TASK TO CARRY OUT: Give again, word for word, every line below from the one that has "Jacket has a" through the one that has "9.9 月各区域市场的企业差异化很强", both included, and no others.

TASK INPUT:
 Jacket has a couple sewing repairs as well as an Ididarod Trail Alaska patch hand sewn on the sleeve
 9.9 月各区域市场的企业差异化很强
==
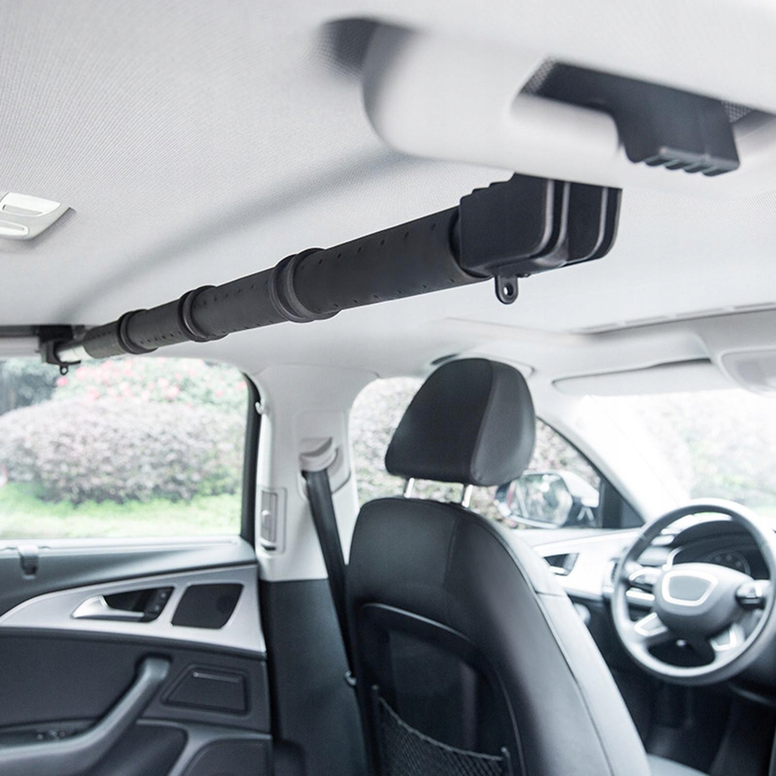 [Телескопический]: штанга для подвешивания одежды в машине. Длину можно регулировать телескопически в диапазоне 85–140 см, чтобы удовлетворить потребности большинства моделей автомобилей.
---
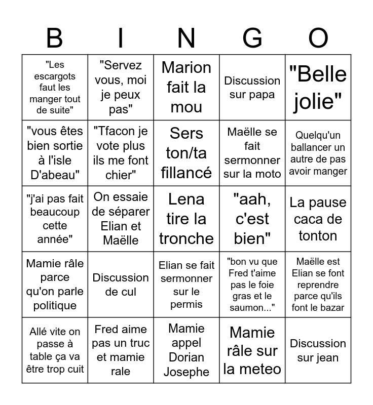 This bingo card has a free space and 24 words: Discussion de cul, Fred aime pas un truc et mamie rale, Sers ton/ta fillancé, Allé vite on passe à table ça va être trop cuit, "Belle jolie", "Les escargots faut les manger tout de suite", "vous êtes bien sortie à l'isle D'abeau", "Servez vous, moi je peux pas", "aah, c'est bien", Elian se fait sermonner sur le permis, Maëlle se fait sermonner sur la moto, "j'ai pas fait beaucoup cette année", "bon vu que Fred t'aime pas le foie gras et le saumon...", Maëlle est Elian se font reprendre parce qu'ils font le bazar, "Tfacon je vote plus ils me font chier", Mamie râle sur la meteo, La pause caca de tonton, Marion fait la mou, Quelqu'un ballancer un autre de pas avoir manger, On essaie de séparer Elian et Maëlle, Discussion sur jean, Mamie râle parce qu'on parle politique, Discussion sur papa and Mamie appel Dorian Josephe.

RESULT OF THE TASK:
 Jacket has a couple sewing repairs as well as an Ididarod Trail Alaska patch hand sewn on the sleeve
 9.9 月各区域市场的企业差异化很强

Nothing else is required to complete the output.